Structural parameters of B10Ca and B10 GM/TS clusters at PBE0 are presented in Fig. S2 (ESI†). All five structures have similar perimeters for the outer B8 ring: 12.5–12.8 Å. However, bond distances in the inner B2 core are slightly expanded from 1.63–1.66 Å in B10 to 1.70–1.72 Å in B10Ca. Radial B–B links are 1.79 Å in average for B10Ca GM, which are elongated relative to B10 GM (1.70 Å in average). Thus, upon Ca alloying, interior B–B links undergo discernible expansion, leading to bowl-like B10Ca clusters (GM, TS1, and TS2). Note that such changes do not necessarily imply that interior B–B links in B10Ca have lower bond orders (vide infra).

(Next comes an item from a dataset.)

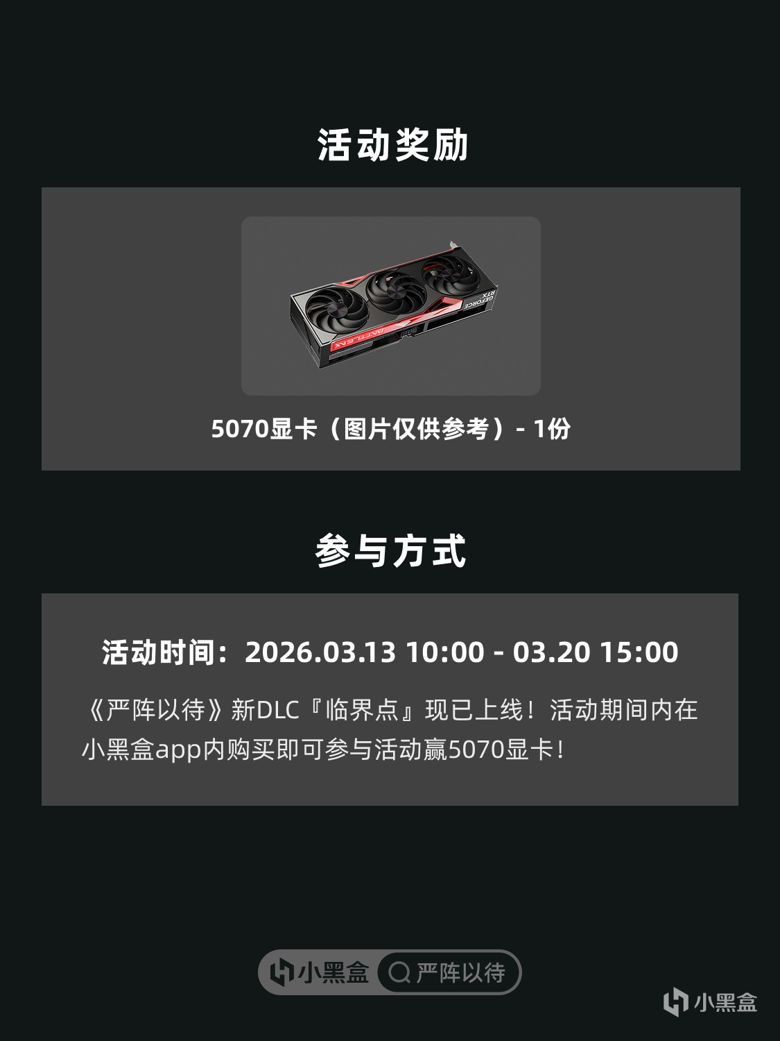 《嚴陣以待》「臨界點」已上線!活動期間在小黑盒購買『臨界點』,即可參與活動,贏取5070顯卡。https://api.xiaoheihe.cn/store/roll_room_v2?award_id=6516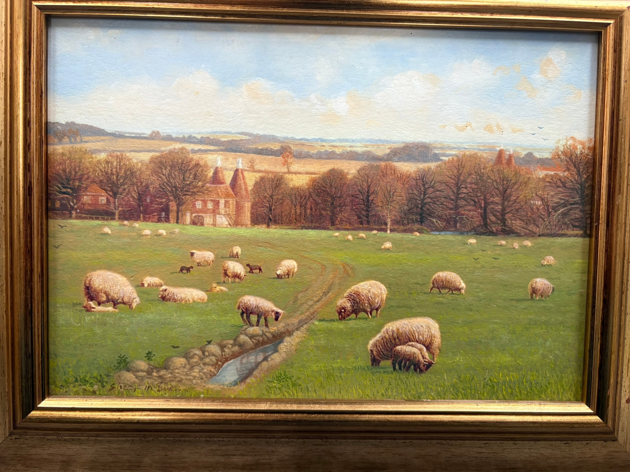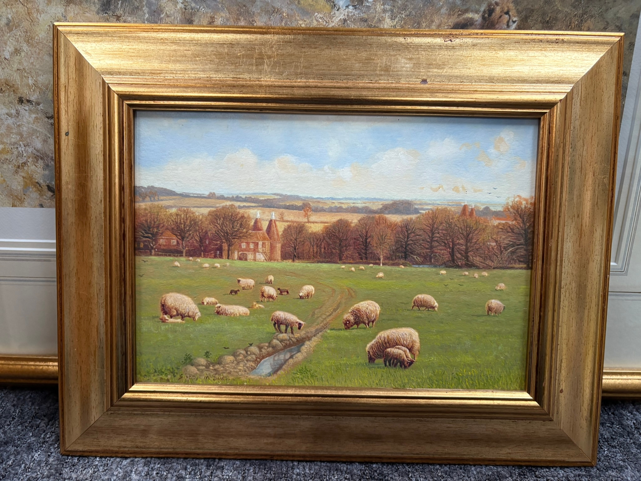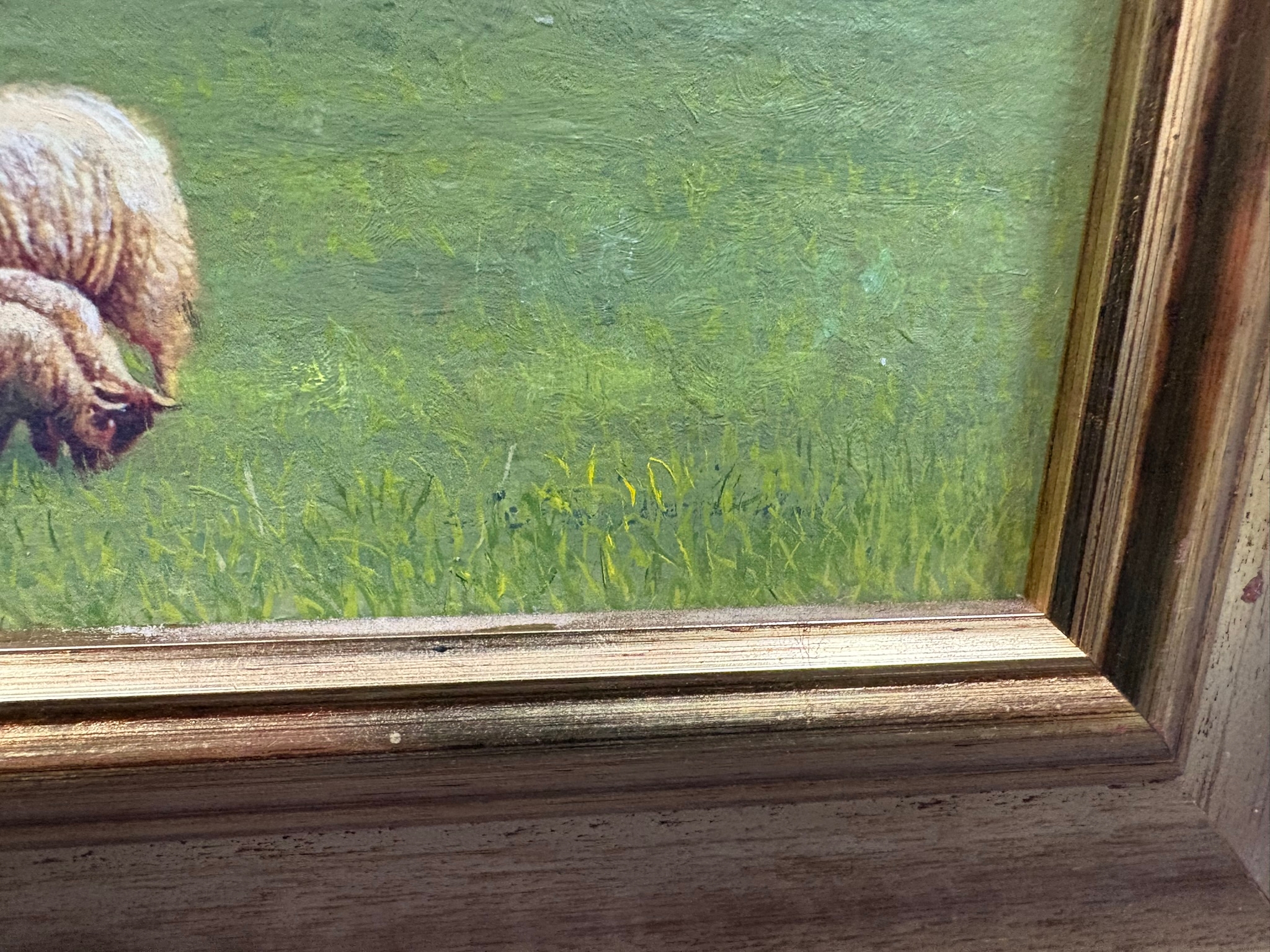 Oil painting of sheep in gold frame signed – Anthony Richard Tiffin

Fig. 2 Calculated Wiberg bond indices (WBIs) from natural bond orbital (NBO) analysis at the PBE0/6-311G* level. (a) B10 GM and TS. (b) B10Ca GM, TS1, and TS2. |
Natural atomic charges in the B10Ca GM cluster (Fig. S3b, ESI†) are consistent with a charge transfer complex: [B10]2−[Ca]2+. Specifically, Ca atom has a positive charge of +1.52 |e|, with the peripheral B8 ring collectively carrying a negative charge of −1.44 |e| and the inner B2 dimer being roughly neutral. Note that atoms B4 and B8 each has −0.31 |e|, which are the most negative due to their closeness to the Ca center. The B10 GM (Fig. S3a, ESI†) shows intramolecular charge redistribution, so that the central B9B3B10B7 diamond carries negative charges (−0.22/−0.17 |e| per atom) and the four B2/B4/B6/B8 corners are positive (+0.20 |e| per atom). Going from B10 GM to B10Ca GM, the major change in charges also lies in the above four corners, where the B4/B8 centers each gains −0.51 |e| from Ca and B2/B6 each gets −0.35 |e|. Overall, the distribution of negative charges is more uniform in B10Ca GM relative to B10 GM.52
For the π framework in subset (c), three CMOs have 0 and 1 (quasi-degenerate) nodal planes, where the intrinsic nodal plane associated with pz AOs is not counted, as routine. The three CMOs are analogous to the prototypical π sextet in benzene, thus endowing the B10Ca cluster with π aromaticity according to the (4n + 2) Hückel rule. The Ca atom only contributes less than 7% in these π CMOs. For the delocalized σ framework (subset (b)), the five CMOs again follow the orbital building principles with 0 up to 2 nodal planes (including two quasi-degenerate pairs). This CMO pattern makes it imperative to claim σ aromaticity for the B10Ca cluster. Indeed, the 10σ electron-counting conforms to the (4n + 2) Hückel rule. In summary, the CMO analysis indicates that the B10Ca cluster possesses π/σ double aromaticity with 6π and 10σ electrons, respectively. In this model, there are no 2c–2e Lewis B–B π/σ bonds inside the peripheral B8 ring, which explains why all those B–B links have low WBI values (less than 1.0; Fig. 2b).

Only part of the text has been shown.